‘Египет есть страна сумрака и неподвижности’, ‘закостенелых каст’ — вот представление, которое мы усваиваем из учебников и которое ничем не рассеивается потом: римлянин Ювенал уже находит эту страну ‘низкою’, так как в ней люди ‘поклоняются животным — существам низшим себя‘. В не очень талантливом романе Эберса ‘Серапеум’ мы читаем сцену, как был разрушен храм этого имени римскими воинами, в присутствии христианских священников, ‘мир не устоит, если разрушится храм’, — предостерегали и волновались ‘жрецы’, уже видя придвинутыми стенобитные машины. Больше они ничего не умели объяснить. Но машины приведены были в действие, и стены повалились. Христианский воин поднялся по лестнице к статуе, толпа ‘язычников’ замерла в ужасе. Он поднял топор — и каменная голова ‘бога’ свалилась к ногам испуганных почитателей. Повалились руки, плечи, веревкою стянули туловище. Толпа, на миг изумленная, разошлась спокойнее. Храм был не в городе, но в стороне.

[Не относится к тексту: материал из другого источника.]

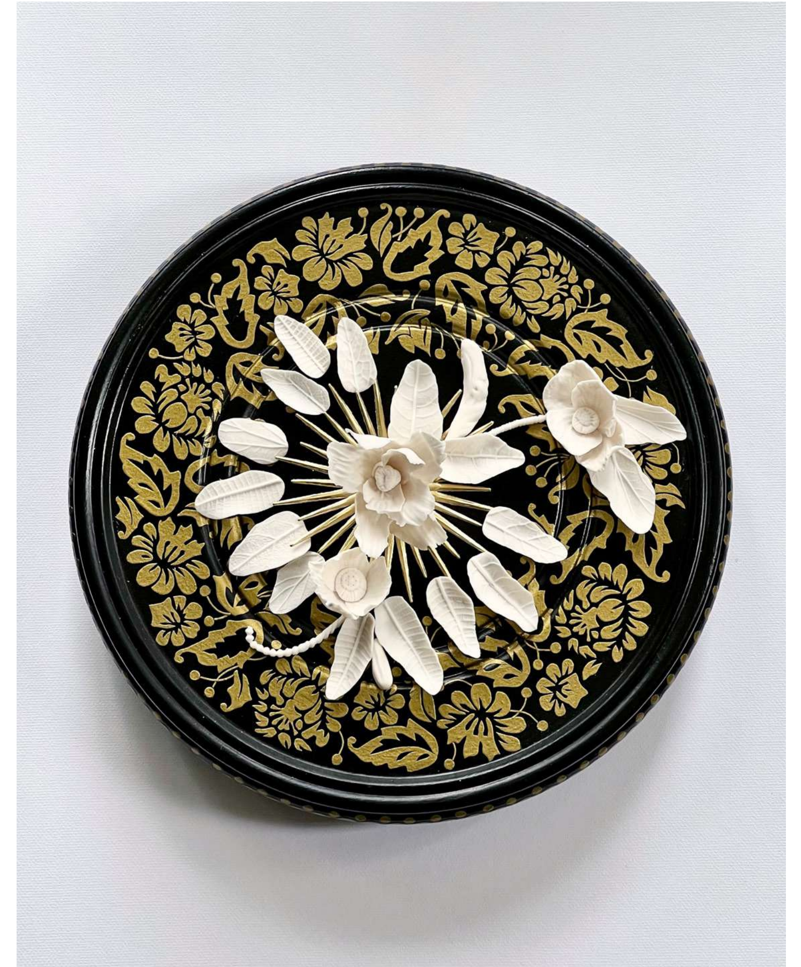
Mopa - Mopa Porcelain, wood, Pasto varnish

Окрест стояли живые пальмы: они не содрогались и не пугались. Прошли тысячелетия. Туловище идола, разломанное в камни, позднее измельчилось в песок. Ветер поднял гранитную пыль и разнес. На месте тех пальм, из их семени росли уже другие, теперь растет и их десятое поколение, через тысячу лет будет расти двадцатое. ‘Храм Сераписа возможно ли разрушить?..’
В 93 году у Николаевского моста, в Петербурге, впервые я увидел настоящих египетских сфинксов. ‘Из древнего города Фив, поставленные повелением ныне царствующего Государя’, — как говорила на них надпись. Они стали уличным украшением, — подробностью около ‘гранита’, в который ‘оделась Нева’. Самая коротенькая река в мире течет мимо их, как три тысячи лет назад текла самая длинная, и город самый новый из европейских шумит около обитателей самого ветхого в истории города. Однако все эти мысли-сопоставления пришли мне на ум гораздо позднее: при первом же разглядывании меня остановило удивительное выражение лица сфинксов. Как это может проверить наблюдением всякий, — это суть молодые лица с необыкновенно веселым выражением, которое я не мог бы определить выше и лучше, как известною поговоркою: ‘Хочется прыснуть со смеху’. Я долго, внимательно, пытливо в них всматривался, и так как позднее мне случилось два года ежедневно ездить мимо них, то я не могу думать, чтобы обманулся во впечатлении: это были самые веселые и живые из встреченных мною в Петербурге действительно, казалось бы, живых лиц!.. От впечатления веселого, улыбающегося лица я позднее стал переходить к другим их линиям: сложение спины и состав бедер — удивительны по силе и правде. Это как бы фигуры из ‘Войны и мира’ Толстого, перед коими остальные памятники Петербурга (выключая статую Фальконета — Петра) есть то же, что перед жизненными созданиями гениального художника забытые мною лица из одного, в детстве прочитанного рассказа, от которого я запомнил только заглавие: ‘Яшка — красная рубашка’. Долго я приписывал это ‘стилю’. ‘Мы не имеем художества, потому что мы эклектики в истории: сфинксы эти суть подробность культуры, и, как все культурное, они осмысленны и живы’. Больше ничего мне не казалось. Но удивительное влечение к их фигурам и почти волнение при созерцании меня никогда не оставляло и сохраняется до сих пор.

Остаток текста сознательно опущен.